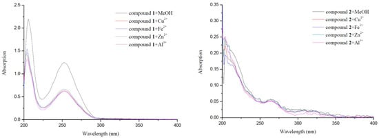 The ability of the synthesized compounds in binding metals would be an added advantage in the treatment of AD. Herein, compounds 1–4 were studied for their binding abilities toward Cu2+, Fe2+, Zn2+ and Al3+, using UV spectrophotometer with wavelengths ranging from 200 nm to 400 nm. As shown in Figure 6, the spectra of compounds 1 and 3 were significantly changed upon the addition of CuCl2, FeCl2, ZnCl2 and AlCl3. The dramatic decreases in absorbance indicated the possible interactions between these biometals and compounds 1 and 3. The potent metal binding ability of compounds 1 and 3 could be due to the contribution of hydroxyl group and the donation of carboxyl anion, respectively.
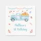 This elegant design features cute fall leaves and a blue truck filled with hay and pumpkins.
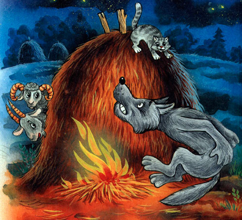 Стали они вчетвером делить темную ночь: медведь под стогом, кот — серый лоб на стогу, а козел с бараном — у костра.
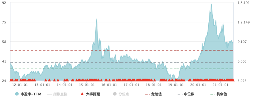 从医疗保健板块指数(882006.WI)历史市盈率走势来看,目前市盈率TTM为51.56,接近危险值50.39,这也是自2020年2月以来首次。值得注意的是, 2020年7月指数市盈率创下90.77的创纪录高位。
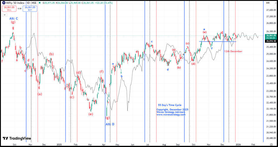 From a time-cycle standpoint, the FLD (Future Line of Demarcation)—a critical time-based indicator derived from the 55-day time cycle—provides important-looking support and resistance cues. Prices have formed a low near the cycle period itself, which occurred on 11th December, with the low recorded around 25,693.
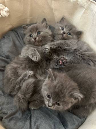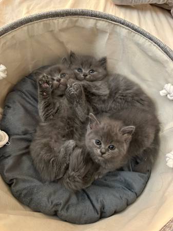 I have seven rare and beautiful British Longhair kittens ready to find their forever homes soon. There are three grey (two boys and one girl), three brown (two girls and one boy), and one white with grey spots (a boy).
###
TASK BRIEF:
Above are the records; return them exactly, minus the pictures.

RESULT:
 The ability of the synthesized compounds in binding metals would be an added advantage in the treatment of AD. Herein, compounds 1–4 were studied for their binding abilities toward Cu2+, Fe2+, Zn2+ and Al3+, using UV spectrophotometer with wavelengths ranging from 200 nm to 400 nm. As shown in Figure 6, the spectra of compounds 1 and 3 were significantly changed upon the addition of CuCl2, FeCl2, ZnCl2 and AlCl3. The dramatic decreases in absorbance indicated the possible interactions between these biometals and compounds 1 and 3. The potent metal binding ability of compounds 1 and 3 could be due to the contribution of hydroxyl group and the donation of carboxyl anion, respectively.
 This elegant design features cute fall leaves and a blue truck filled with hay and pumpkins.
 Стали они вчетвером делить темную ночь: медведь под стогом, кот — серый лоб на стогу, а козел с бараном — у костра.
 从医疗保健板块指数(882006.WI)历史市盈率走势来看,目前市盈率TTM为51.56,接近危险值50.39,这也是自2020年2月以来首次。值得注意的是, 2020年7月指数市盈率创下90.77的创纪录高位。
 From a time-cycle standpoint, the FLD (Future Line of Demarcation)—a critical time-based indicator derived from the 55-day time cycle—provides important-looking support and resistance cues. Prices have formed a low near the cycle period itself, which occurred on 11th December, with the low recorded around 25,693.
 I have seven rare and beautiful British Longhair kittens ready to find their forever homes soon. There are three grey (two boys and one girl), three brown (two girls and one boy), and one white with grey spots (a boy).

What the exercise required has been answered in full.